Updated by Guang Yang over 9 years ago

@radosgw
$ ceph daemon /var/run/ceph/ceph-client.*.asok objecter_requests { "ops": [ { "tid": 15582485,
"pg": "3.ed2ef9fb",
"osd": 146,
"object_id": "default.7291.42_2546732403_de301a716f_o.jpg",
"object_locator": "@3",
"target_object_id": "default.7291.42_2546732403_de301a716f_o.jpg",
"target_object_locator": "@3",
"paused": 0,
"used_replica": 0,
"precalc_pgid": 0,
"last_sent": "2014-09-03 12:48:31.135795",
"attempts": 1,
"snapid": "head",
"snap_context": "0=[]",
"mtime": "0.000000",
"osd_ops": [
"getxattrs",
"stat",
"read 0~5898240"]},
]...

@osd146
$ ceph daemon /var/run/ceph/ceph-osd.NNN.asok dump_ops_in_flight { "num_ops": 0,
"ops": []}

And currently all radosgw threads hang in the same way..

Actions #5

Updated by Sage Weil over 9 years ago

Guang Yang wrote:

@radosgw
$ ceph daemon /var/run/ceph/ceph-client.*.asok objecter_requests { "ops": [ { "tid": 15582485,
"pg": "3.ed2ef9fb",
"osd": 146,
"object_id": "default.7291.42_2546732403_de301a716f_o.jpg",
"object_locator": "@3",
"target_object_id": "default.7291.42_2546732403_de301a716f_o.jpg",
"target_object_locator": "@3",
"paused": 0,
"used_replica": 0,
"precalc_pgid": 0,
"last_sent": "2014-09-03 12:48:31.135795",
"attempts": 1,
"snapid": "head",
"snap_context": "0=[]",
"mtime": "0.000000",
"osd_ops": [
"getxattrs",
"stat",
"read 0~5898240"]},
]...

@osd146
$ ceph daemon /var/run/ceph/ceph-osd.NNN.asok dump_ops_in_flight { "num_ops": 0,
"ops": []}

And currently all radosgw threads hang in the same way..

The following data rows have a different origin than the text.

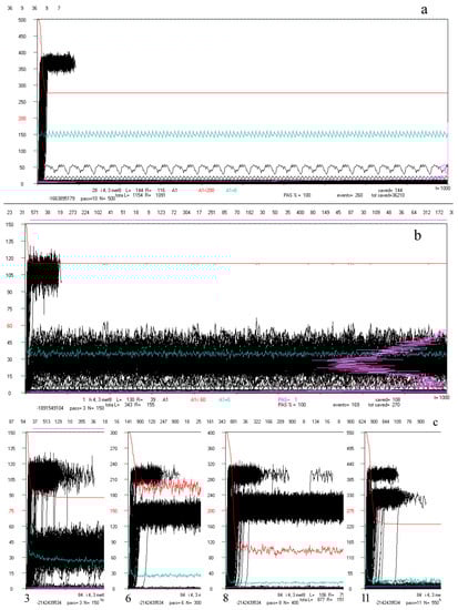 For the purity and simplicity of acceptance and accumulation criteria, a rule has been introduced that the process that has returned under the threshold is still counted, and its counting ceases after 70 steps since the last transition over the threshold. This caused a large part of such processes, even with A3 over the threshold, to be counted for a long time, even to the end (Figure 4c,d).
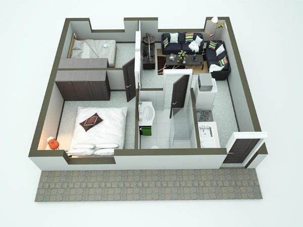 The well-designed kitchen offers practicality and flow, making it ideal for both casual meals and hosting guests. A neat and modern bathroom completes the interior, adding to the homes overall appeal.
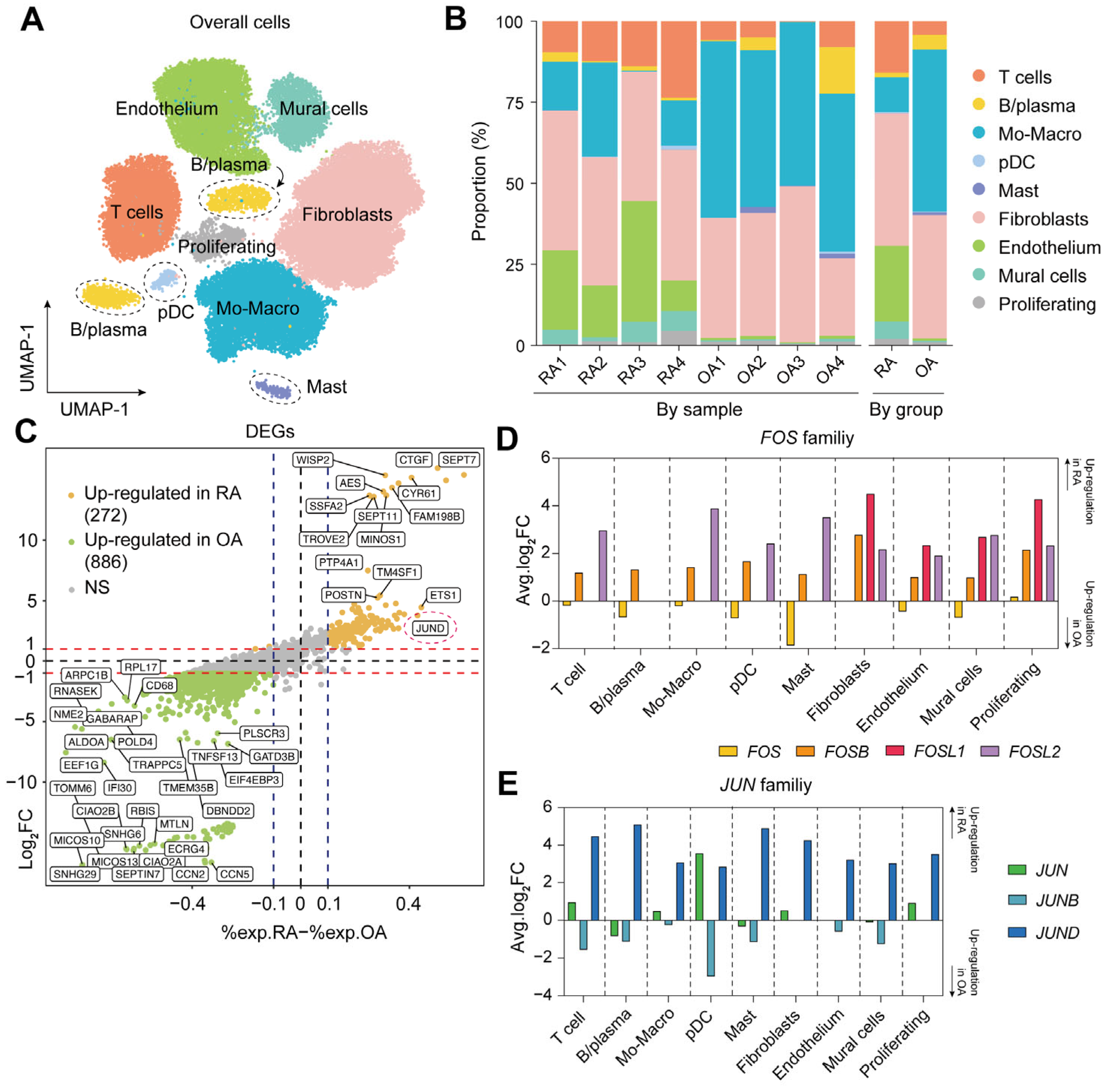 2.2. Elevated Expression of FOSL2 and JUND in RA Synovium
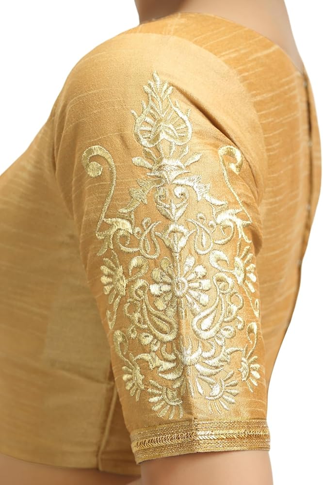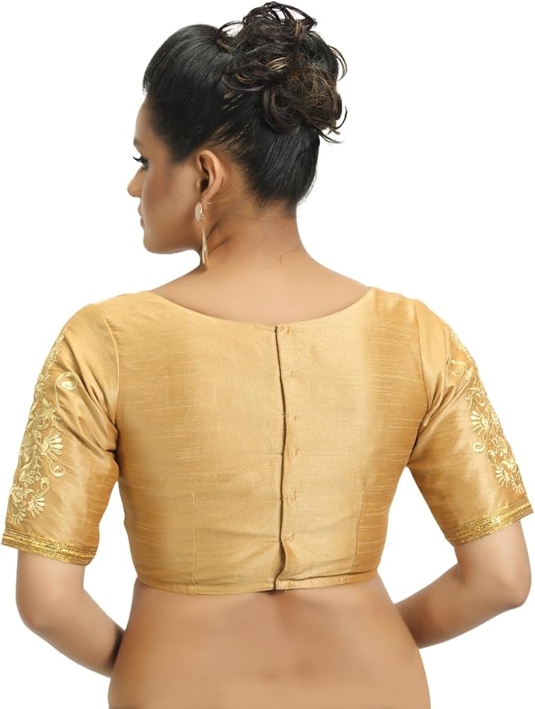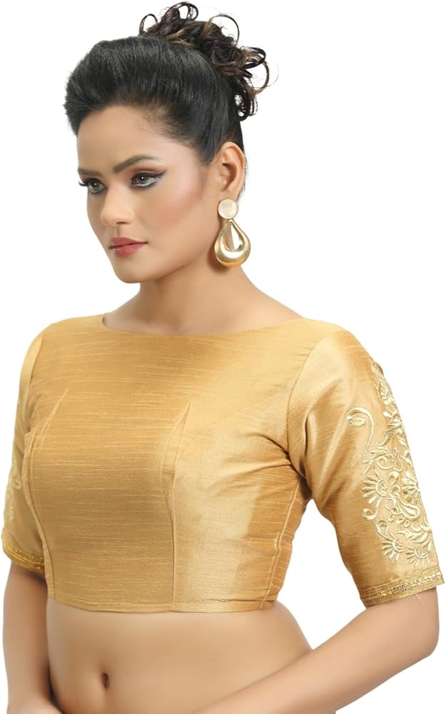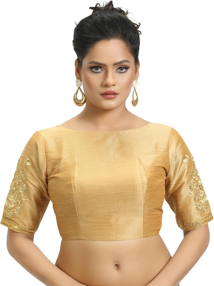 This is Madhu Fashion's latest Women's Poly Raw Silk Ready to Wear Blouse. This Blouse has a Boat Neck Design and Elbow Length Sleeves . This Blouse is lined with pure cotton for Extra Comfort. It has a back opening and it has hook as a closure type. It is available in 6 sizes and the following colours : BLACK; GOLD; MAROON; NAVY BLUE; PINK; RED.
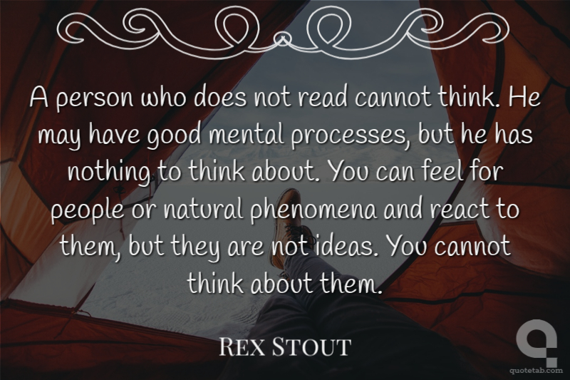 A person who does not read cannot think. He may have good mental processes, but he has nothing to think about. You can feel for people or natural phenomena and react to them, but they are not ideas. You cannot think about them.
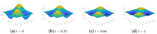 (Chebyshev nodes). Consistent with the above two numerical examples, the proposed method is capable of attaining temporal second-order convergence for problems with unknown solutions, while the proposed compared method achieves first-order convergence. It can be seen from Table 9. Finally, we present the evolution of the reference exact solution in Figure 7, Figure 8 and Figure 9.
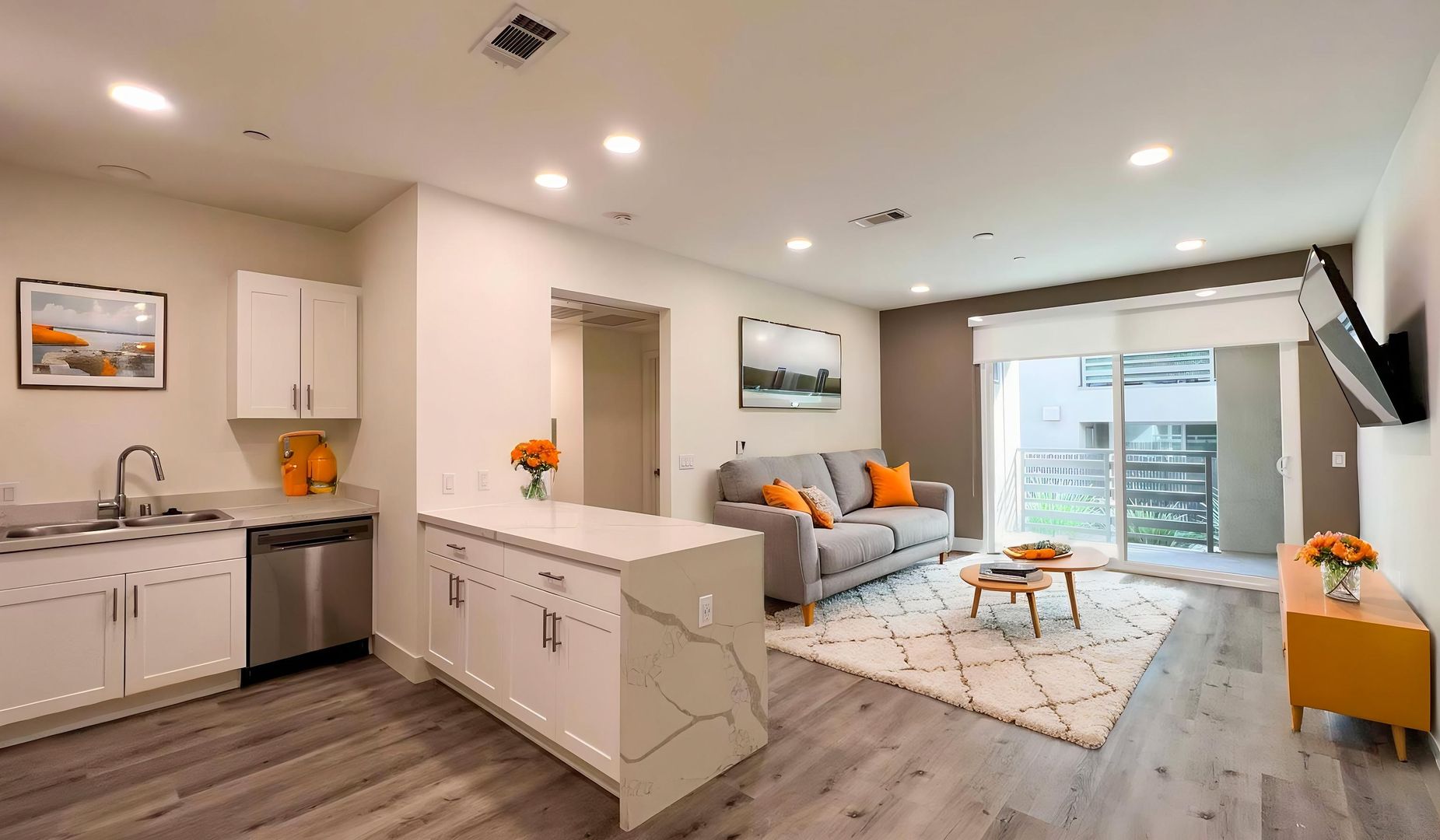 • Quartz Counters & European-Style Cabinetry

Hmm, and this is reproducible? It may be the throttling in the msgr layer.. debug ms = 20 might help, if you can reproduce this situation. You could also ceph pg <pgid> query to confirm that the pg is peered and active. From this hung state, if you ceph osd down 146, will things then repeer and recover?

Actions #6

Updated by Guang Yang over 9 years ago

Sage Weil wrote:
Hmm, and this is reproducible? It may be the throttling in the msgr layer.. debug ms = 20 might help, if you can reproduce this situation. You could also ceph pg <pgid> query to confirm that the pg is peered and active. From this hung state, if you ceph osd down 146, will things then repeer and recover?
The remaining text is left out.